Professor Bruce W. Jentleson Duke University
2020 Des Ball Chair, ANU
Video of lecture and Q&A session
Will foreign policy be a factor in the 2020 American presidential election? If so, on what issues and along what themes? As a leading scholar of the domestic politics of American foreign policy, as well as having extensive experience as a foreign policy advisor to Democratic presidential candidates and State Department official in the Clinton and Obama administrations, Bruce Jentleson brings a valuable perspective to the current American presidential campaign.
Bruce W. Jentleson is visiting ANU as the 2020 Des Ball Chair at the Strategic and Defence Studies Centre. He is the William Preston Few Professor of Public Policy and Professor of Political Science at Duke University. He also is a Global Fellow of the Woodrow Wilson International Center for Scholars and Non-Resident Senior Fellow at the Chicago Council on Global Affairs. He has served in a number of U.S. foreign policy positions, most recently as Senior Advisor to the State Department Policy Planning Director (2009-11) and chair of a Hillary Clinton 2016 foreign policy working group. In 2015-16 he was the Henry A. Kissinger Chair in Foreign Policy and International Relations at the John W. Kluge Center, Library of Congress. He received the 2018 American Political Science Association (APSA) International Security Section Joseph J. Kruzel Award for Distinguished Public Service. He is Co-Director of the Bridging the Gap project promoting greater policy relevance among academics. He holds a Ph.D. from Cornell University.

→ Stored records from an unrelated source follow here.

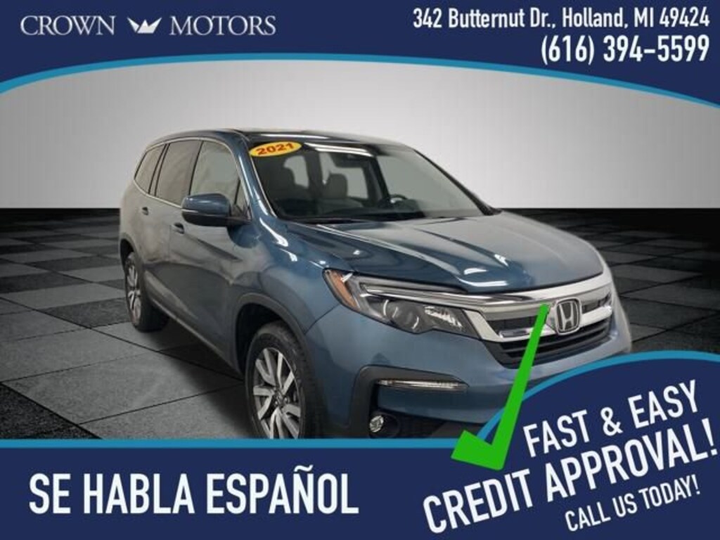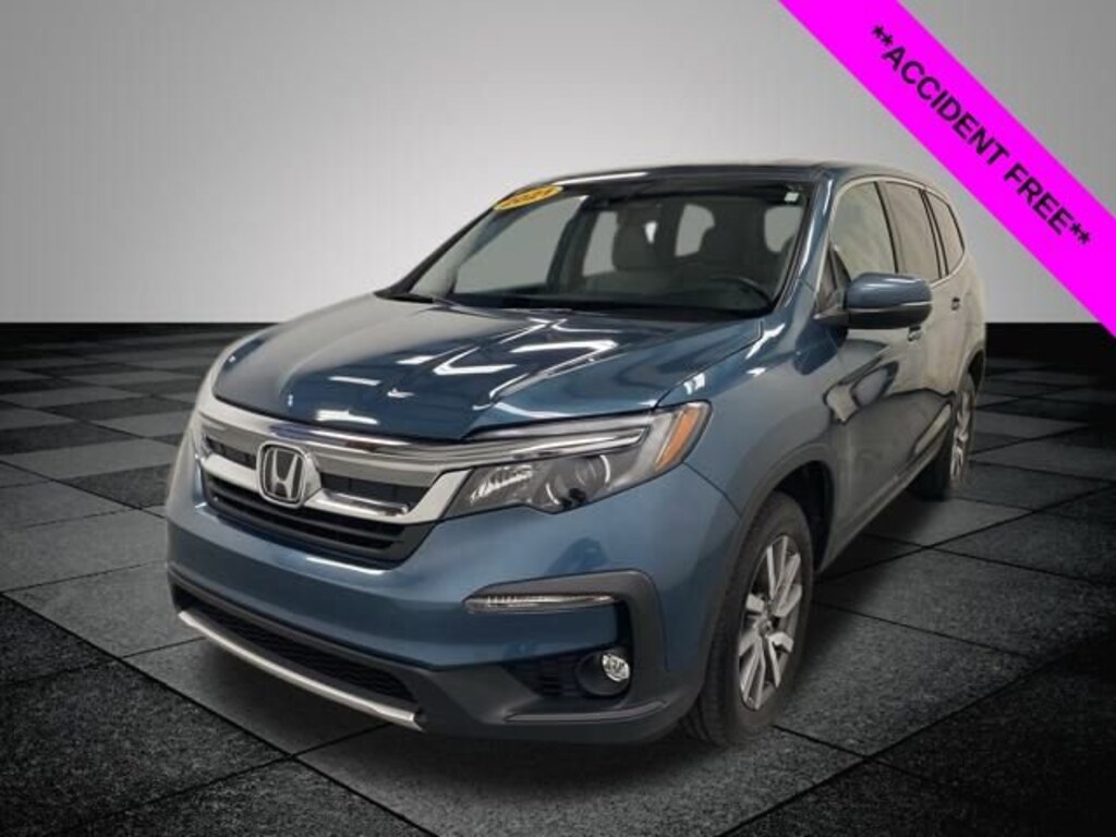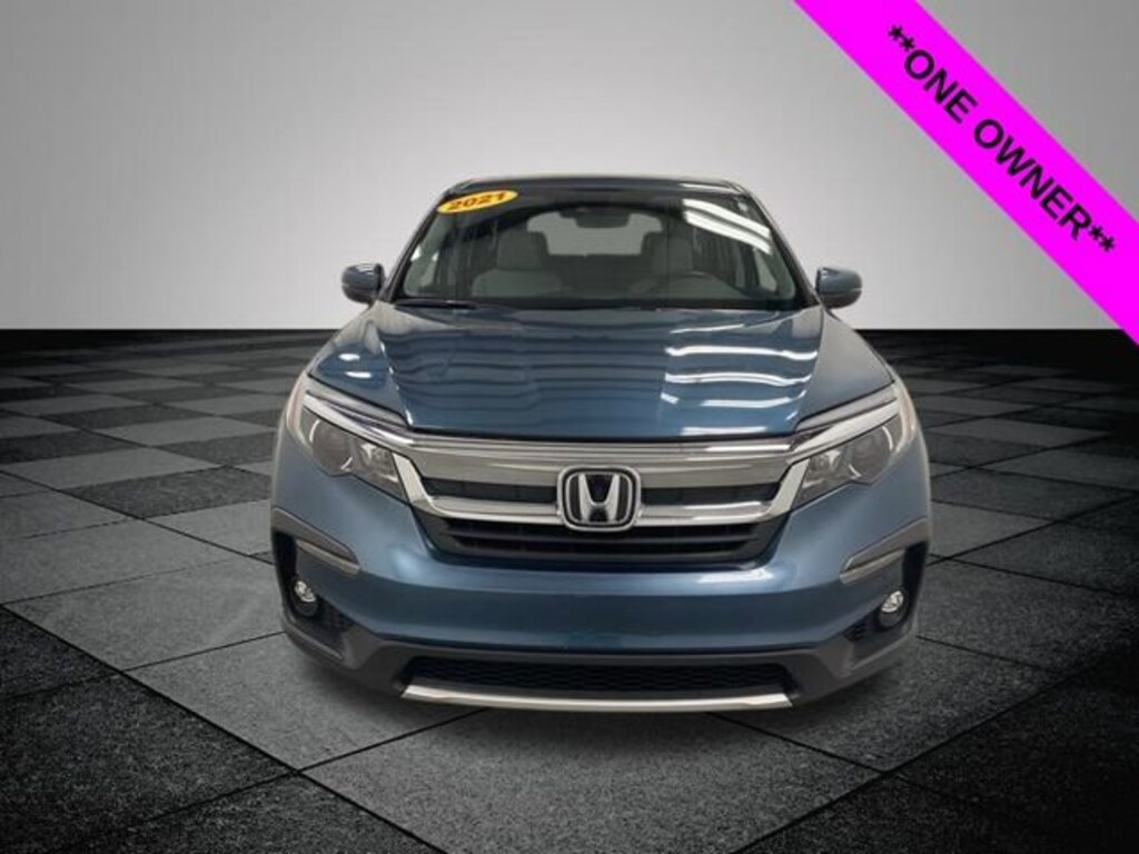 CARFAX One-Owner. Clean CARFAX. Steel Sapphire Metallic 2021 Honda Pilot EX-L AWD 9-Speed Automatic 3.5L V6 24V SOHC i-VTEC **ONE OWNER**, **ACCIDENT FREE**, **LOCAL TRADE IN**, AWD, 18" Machine-Finished Alloy Wheels, 3rd row seats: split-bench, 4-Wheel Disc Brakes, 4.33 Axle Ratio, 7 Speakers, A/V remote: CabinControl, ABS brakes, Air Conditioning, Alloy wheels, AM/FM radio: SiriusXM, Apple CarPlay/Android Auto, Auto High-beam Headlights, Auto-dimming Rear-View mirror, Automatic temperature control, Blind Spot Information (BSI) System warning, Brake assist, Bumpers: body-color, Delay-off headlights, Driver door bin, Driver vanity mirror, Dual front impact airbags, Dual front side impact airbags, Electronic Stability Control, Emergency communication system: HondaLink Assist, Exterior Parking Camera Rear, Forward collision: Collision Mitigation Braking System (CMBS) + FCW mitigation, Four wheel independent suspension, Front anti-roll bar, Front Bucket Seats, Front Center Armrest, Front dual zone A/C, Front fog lights, Front reading lights, Fully automatic headlights, Garage door transmitter: HomeLink, Heated door mirrors, Heated Front Bucket Seats, Heated front seats, Illuminated entry, Lane departure: Lane Keeping Assist System (LKAS) active, Leather Seat Trim, Low tire pressure warning, Memory seat, Occupant sensing airbag, Outside temperature display, Overhead airbag, Overhead console, Panic alarm, Passenger door bin, Passenger vanity mirror, Power door mirrors, Power driver seat, Power Liftgate, Power moonroof, Power passenger seat, Power steering, Power windows, Radio data system, Radio: 215-Watt Audio System, Rear air conditioning, Rear anti-roll bar, Rear reading lights, Rear seat center armrest, Rear window defroster, Rear window wiper, Reclining 3rd row seat, Remote keyless entry, Security system, Speed control, Speed-sensing steering, Speed-Sensitive Wipers, Split folding rear seat, Spoiler, Steering wheel mounted audio controls, Tachometer, Telescoping steering wheel, Tilt steering wheel, Traction control, Trip computer, Turn signal indicator mirrors, Variably intermittent wipers, AWD.
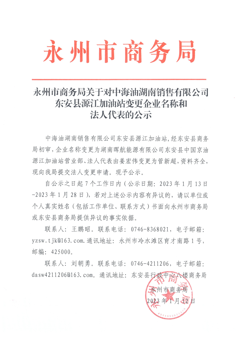 名称: 永州市商务局关于对中海油湖南销售有限公司ray雷竞技官网入口源江加油站变更企业名称和法人代表的公示
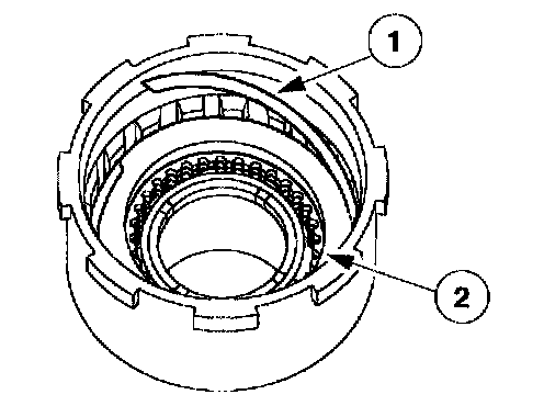 2. Install the original direct clutch retaining ring on the direct clutch disc pack.

His most recent book is The Peacemakers: Leadership Lessons from 20th Century Statesmanship (W.W. Norton, 2018). His current book is Economic Sanctions: What Everyone Needs to Know (Oxford University Press, 2021). Recent articles include “Right-Sizing American Foreign Policy: A Progressive Approach,” (Democracy: Journal of Ideas, Fall 2019), “That Post-Liberal International Order: Some Core Characteristics” (Lawfare, September 2018), and “Geopolitical Globalization: Pluralization of Diplomacy and the Limits on Great Powers’ Power” (in progress).
Related Event with Professor Jentleson:
SDSC Des Ball Chair Research Seminar
Thursday 27 February 2020, 12.00 – 1.30PM
Room 1.04, Coombs Extension Building (8), Fellows Road, ANU
“Beyond the Liberal International Order: 21st Century Global Challenges”
What kind of international system is shaping up here in the third decade of the 21st century? Some see an updated version of the post-1945 Liberal International Order (LIO). Others stress US-China Great Power Competition. While some LIO elements persist and US-China is the single most important dyad, the dominant dynamic is the “pluralization of diplomacy.” The pluralization of diplomacy goes beyond just giving A-list emerging powers seats at the old tables. It is characterized by fewer states seeing their national interests best served by largely exclusive relationships with just one major power, more states having more relations with each other on a wide range of issues, and consequent limits on major powers’ leverage whether coercive or inducing. Examples are cited from the Middle East and Asia, and implications addressed for a range of issues.